Also, they are all fairly well aligned with the axis of rotation of the sun: as the planets rotate around the sun, so the sun rotates around its axis. And, as one might expect, the axis of rotation of the Sun is within 7 ° deviation from [the axes] of the orbits of the planets.



Still, this state of affairs seems unlikely, unless some force squeezed the orbits of the planets into one plane. One would expect that the orbits of the planets would orient themselves randomly, since gravity, the force that holds planets in constant orbits, works equally in all three dimensions.

One would expect a certain crowd instead of a neat and consistent set of almost perfect circles. It is interesting that if you move far enough away from the Sun, beyond planets with asteroids, beyond the orbits of Halley-type comets and Kuiper's belt, you will find exactly such a picture.



So what forced our planets to be in one disc? In one plane of orbits around the Sun, instead of digging around it?

To understand this, let's move on to the times of the formation of the Sun: from a molecular cloud of gas, from the matter from which new stars are born in the Universe.



When a molecular cloud grows massive enough and becomes gravitationally bound and cold enough to shrink and collapse under its own weight, like the Trub Nebula (above, left), it will form fairly dense areas in which new star clusters will form (top, right) .

You can see that this nebula - and any other similar to it - will not be a perfect sphere.

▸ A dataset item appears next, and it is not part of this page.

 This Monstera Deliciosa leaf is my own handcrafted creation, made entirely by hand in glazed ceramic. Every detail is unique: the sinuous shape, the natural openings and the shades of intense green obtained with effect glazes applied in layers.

It has an uneven elongated shape. Gravity does not forgive imperfections, and due to the fact that gravity is an accelerating force, which quadruples each time the distance is reduced by half, it takes even small irregularities in its original form and increases them very quickly.

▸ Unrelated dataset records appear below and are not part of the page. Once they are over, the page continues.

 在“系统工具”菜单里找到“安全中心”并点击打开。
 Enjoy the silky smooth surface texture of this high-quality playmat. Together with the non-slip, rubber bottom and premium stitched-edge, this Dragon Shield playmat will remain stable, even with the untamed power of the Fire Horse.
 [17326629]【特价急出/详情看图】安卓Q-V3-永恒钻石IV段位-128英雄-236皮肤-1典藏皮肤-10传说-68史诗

The result is a star-forming nebula of a highly asymmetric shape, and stars are formed where the gas is denser. If you look inside the individual stars present there, they are almost perfect spheres, like our Sun.



But just as the nebula became asymmetrical, so the individual stars formed inside emerged from imperfect, overly dense asymmetric lumps of matter inside the nebula.

First of all they collapse in one (of three) dimensions, and since matter - you, me, atoms consisting of nuclei and electrons - gets together and interacts, if you throw it into another matter, you will end up with an elongated disc matter. Yes, gravity will attract most of the matter to the center, where a star will form, but around it you will get what is called a protoplanetary disk. Thanks to their telescope. Hubble we saw such disks directly!



Here is the first clue why you get something aligned in a plane instead of a sphere with randomly flying planets. Next, we need to refer to the results of simulations, since we were not present in the young solar system for so long to observe this formation with our own eyes - it takes about a million years.

And that's what simulations tell us.



The protoplanetary disk, flattened in one dimension, will continue to shrink as more and more gas is attracted to the center. But as long as a large amount of material is drawn inward, its decent proportion will be in a stable orbit somewhere on this disk.

Why?

Because of the need to maintain such a physical quantity, as the angular momentum, which shows the amount of rotation of the entire system - gas, dust, stars and other things. Because of how the angular momentum works, and how it is approximately evenly distributed between different particles inside, it follows that everything inside the disk should move, roughly speaking, in one direction (clockwise or counterclockwise). Over time, the disk reaches stable dimensions and thickness, and then small gravitational deviations begin to grow into the planets.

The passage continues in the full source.